2. make a gtf file of Avh's with the location and calculate the intergenic distance for Avh's , intergenic 5 prime and 3 prime distance needs to be calculated the intergenic distance of effector file should look like this

"geneid","strand","fiveprime","threeprime"

"Avh92","-",4946,80942

"Avh48","+",137224,80942

"Avh102","+",38474,24067

"Avh127","-",137224,6955

"Avh304","-",7882,12043

"Avh313","+",23825,26166

"Avh91","-",24826,4946

"Avh303","+",16698,12043

"Avh34","-",41377,26166

"Avh61","+",4031,5317

"Avh311","-",14467,1021

"Avh310","+",4389,1021

"Avh93","+",41377,38474

3. then just Run the R script which is pasted below just by changing the names of the file, if the points or plots are going out the cut off please change the bin size and num of bins before its creating the heatmap don't change after the heatmap is made

whole_intergene=read.csv(file="intergene_whole.csv",sep=",")

NumBins=50

if ((max(whole_intergene$fiveprime, na.rm=TRUE)>max(whole_intergene$threeprime, na.rm=TRUE)) == TRUE) { whole_intergene2Bin=whole_intergene$fiveprime} else { whole_intergene2Bin=whole_intergene$threeprime}

whole_intergene2Bin=whole_intergene2Bin[which(whole_intergene2Bin!=0)]

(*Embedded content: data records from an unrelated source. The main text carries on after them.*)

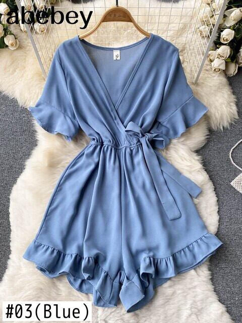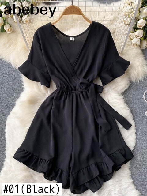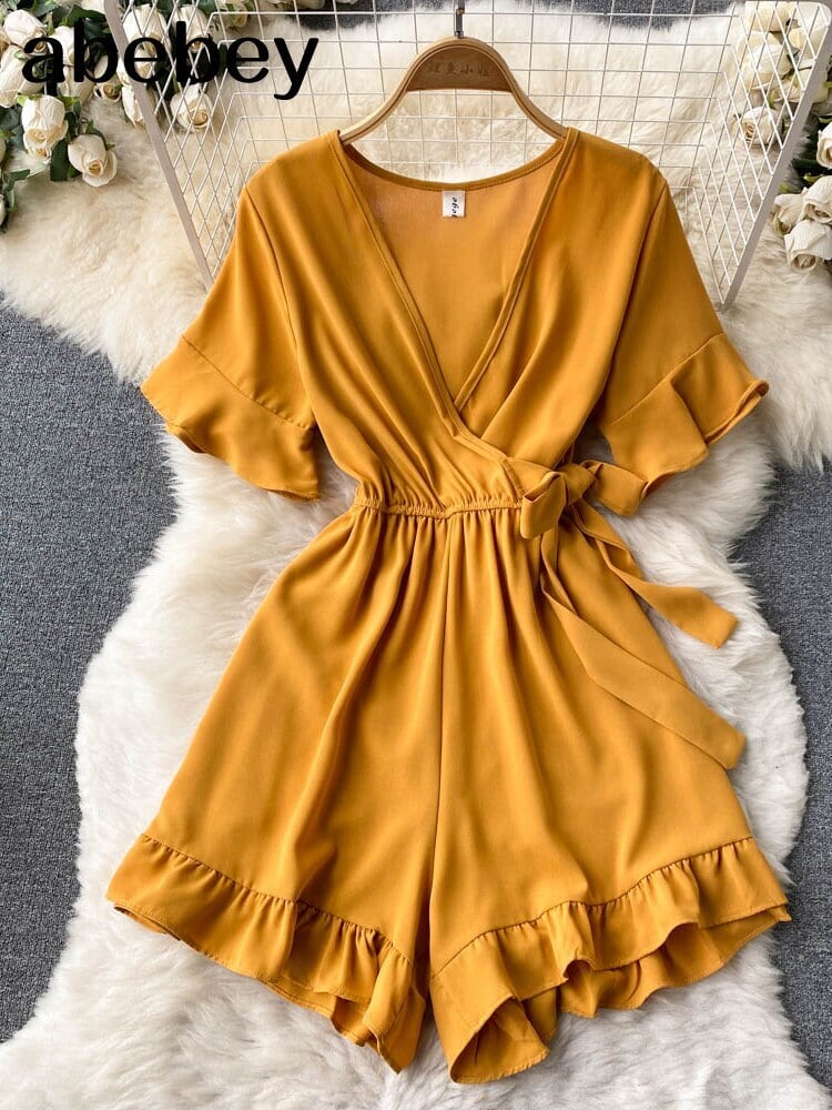 2022 夏ロンパース女性フレアスリーブ固体フリルワイド脚ショートジャンプスーツ休暇ビーチロンパース レッド サマー 夏物 ワイドレッグ ワイドパンツ ソリッドカラー Abe67794284869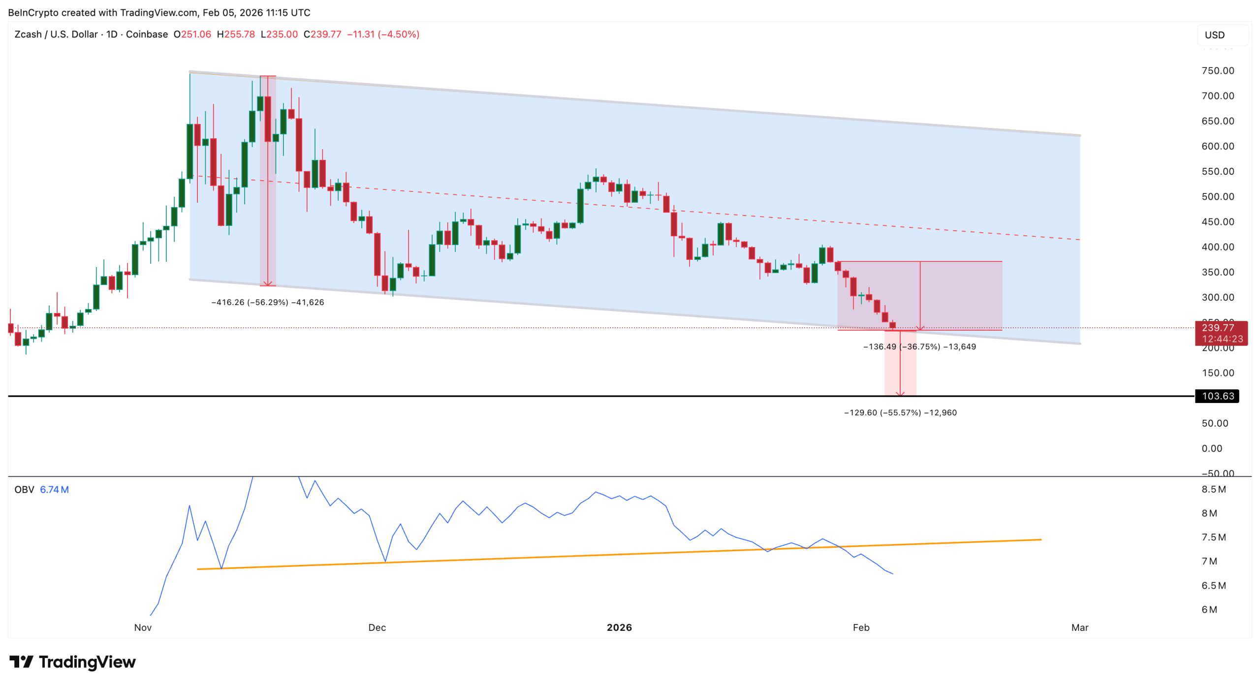 Tekanan jual ini semakin diperkuat oleh indikator On-Balance Volume (OBV). Meskipun sempat menunjukkan tren naik dari awal November hingga akhir Januari, yang mengindikasikan adanya akumulasi, dukungan tersebut akhirnya runtuh pada 29 Januari. Sejak breakdown OBV itu terjadi, Zcash dilaporkan telah merosot hampir 36%, sebuah sinyal kuat bahwa distribusi (penjualan) kian mendominasi pasar.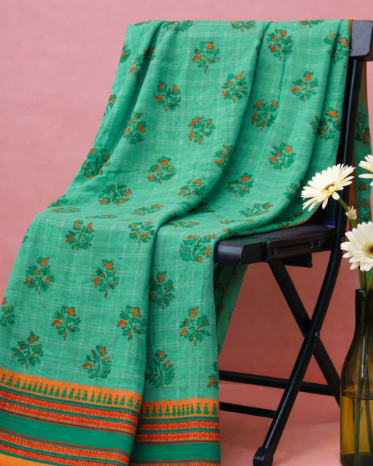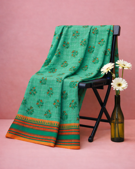 This saree celebrates the muted, organic beauty of the Deccan landscape. The earthy sage green body provides a serene backdrop for bold rust-red floral-vine prints, framed by the iconic Narayanpet “Gopuram” border in a deep terracotta-rust. Directly sourced from the weaver clusters of Telangana, this piece is a masterclass in balancing traditional motifs with a modern, earthy palette.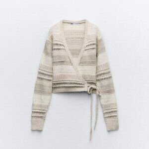 NEW ZARA BEIGE KNIT WRAP TOP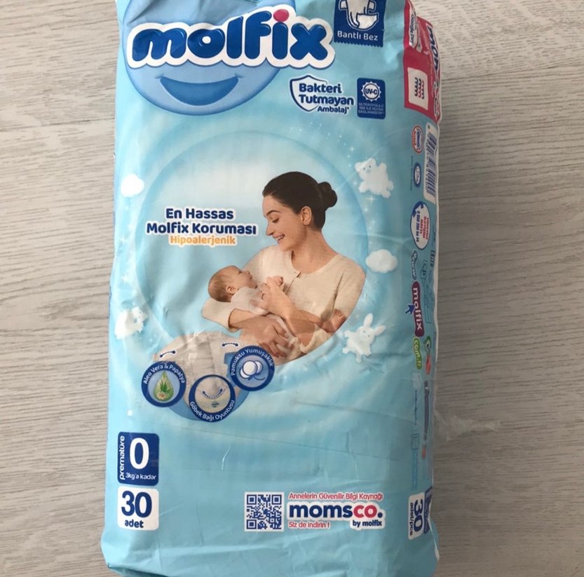 Molfix 0 numara yenidoğan bebek bezi, bakterilere karşı koruma sağlayan hipoalerjenik yapıya sahiptir. 3 kg'a kadar bebekler için 30 adetlik pakette sunulur.3 pakettir.

whole_intergene2Bin=na.omit(whole_intergene2Bin)

BinSteps=round(length(whole_intergene2Bin)/ (NumBins-20) , digits=10)

whole_intergene2BinOrd=sort(whole_intergene2Bin)

#### The [2*BinSteps] has been changed to [1*Binsteps it was producing an error after googling the error has been fixed]

TempBinLimits=whole_intergene2BinOrd[seq(whole_intergene2BinOrd[2*BinSteps],length(whole_intergene2BinOrd),BinSteps)]

TempBinLimits[length(TempBinLimits)+1]=max(whole_intergene2Bin, na.rm=TRUE)

x<-seq(length(TempBinLimits))

fit<-nls(log(TempBinLimits) ~ a*x + b, start= c(a=0, b=0),algorithm='port',weights=((x-1.0* NumBins)^2))

pred=predict(fit, x)

BinLimits=c(1, round(exp(pred),0), max(whole_intergene2Bin))

xbin=cut(whole_intergene$fiveprime, breaks=c(BinLimits))

ybin=cut(whole_intergene$threeprime, breaks=c(BinLimits))

whole_intergene=cbind(whole_intergene, xbin, ybin, genevalue=rep(1, length (whole_intergene$fiveprime)))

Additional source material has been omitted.